Und der beginnt mit einem Fanal: Zu unterlegter Musik durchpflügt ein
Flugzeug schwer den Himmel des Sommers 2021, während sich uns aus dem Off
Joaquin Phoenix als John vorstellt, um „die Geschichte der letzten sieben
Tage meines Lebens“ zu erzählen. Bedeutung schwebt ein mit dieser Szene,
die schon im ersten Augenblick mit so ziemlich allen Dogma-Regeln bricht.
Noch bevor wir erfahren, dass John auf dem Weg nach New York ist, um dort
seine Ehe mit der weltberühmten Eiskunstläuferin Elena (Claire Danes) zu
beenden, ist die Geschichte beider mit Tod und einem mysteriösen Leiden
der Welt verbunden. Allerorten brechen in diesen Tagen Menschen leblos
zusammen, irgendetwas „bricht ihr Herz“. Über eine Leiche am Fuße einer
Rolltreppe hinwegzusteigen ist Johns erste Prüfung nach seiner Ankunft.
So, wie der Kommentar den Auftakt erklärt, wird auch jedes weitere Bild
in It’s All About Love flächendeckend und sinnstiftend betreut.
Klimakatastrophen werden sich mehren, Schnee fällt im Juli.
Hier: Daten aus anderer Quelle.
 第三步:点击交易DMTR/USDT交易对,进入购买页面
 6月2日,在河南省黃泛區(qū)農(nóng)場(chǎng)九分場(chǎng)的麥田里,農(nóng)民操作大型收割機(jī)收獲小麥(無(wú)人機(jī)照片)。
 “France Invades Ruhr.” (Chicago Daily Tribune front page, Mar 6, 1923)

Die Welt
erfriert, Herzen bleiben stehen, und das Paar kämpft um seine Liebe,
während Johns Bruder Marciello (Sean Penn) in seinem „Bericht über den
Zustand der Welt“ die visuelle Fracht noch akustisch beschwert: „Die
Leute sterben auf der Straße, weil sie sich vermissen – die Bedrohung der
Welt, du und Elena, das ist alles miteinander verbunden.“ Im Hintergrund,
sicher ist sicher, singt ein Chor „Amore, amore“.
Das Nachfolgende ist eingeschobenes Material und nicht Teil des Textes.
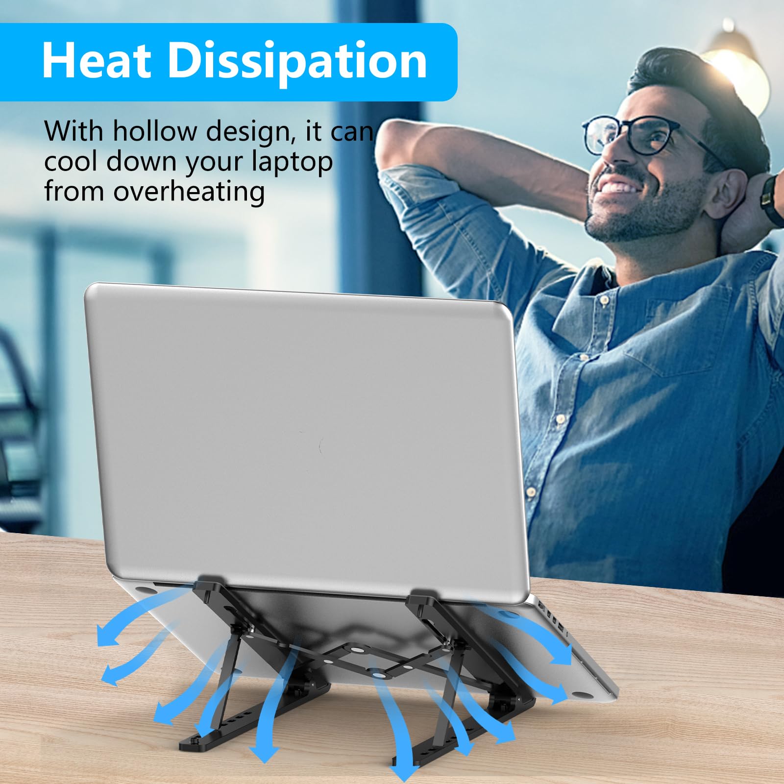 Gogoonike Adjustable Laptop Stand, Portable Laptop Riser for Desk, ABS+Silicone Foldable Ventilated Cooling Notebook Holder Stand for 10-15.6” Laptops,Tablets

Gerade weil hier tatsächlich alles miteinander verzahnt ist und jedes
Einzelteil über sich hinaus verweist, kämpft It’s All About Love mit
seiner eigenen Fülle. Keine Farbkomposition im schwerblütigen Dekor des
Peter-Greenaway-Produktionsdesigners Ben van Os, die nicht sofort alle
Aufmerksamkeit für sich will. „Perfekt!“, schreit jede Einstellung der in
Schönheit erstarrten Kamera. Inmitten dieser sich gegenseitig
bedrängenden Zeichen, die sich in Cinemascope auch noch auf die Themen
„Familie“ und „Genmanipulation“ ausweiten, bleibt kein Platz, noch selbst irgendetwas zu entdecken.
Geschlossene Gesellschaft – wir müssen draußen bleiben.
Damit beschreibt It’s All About Love das genaue Gegenteil jener
großartigen Sogwirkung, die vom Fest ausgegangen war. Die unterdrückte
Wahrheit, mit der wir dort in Sippenhaft genommen wurden, entäußert sich
hier zugunsten eines immer schon selbsterklärenden Symbolismus. So
radikal werden wir von Teilnehmern zu Außenstehenden, dass It’s All About
Love darüber nicht nur seine Bilder und Töne, sondern sich selbst als
Referenten einer höheren (Autoren-)Idee anbietet. Kann dieser
größtmögliche Gegensatz zum Fest denn etwas anderes sein als der
Befreiungsschlag des Thomas Vinterberg von den Fesseln des Dogma-95?!
Wie auch immer man zu dieser Frage stehen mag: Die Macht, mit der sie
sich aufdrängt, fordert Opfer und verdammt die Charaktere dieses Films
auch noch nach ihrem letzten Bild zu Bauern im Bedeutungsschach. Nicht
einmal ihr melodramatischer Filmtod darf ihnen am Ende selbst gehören.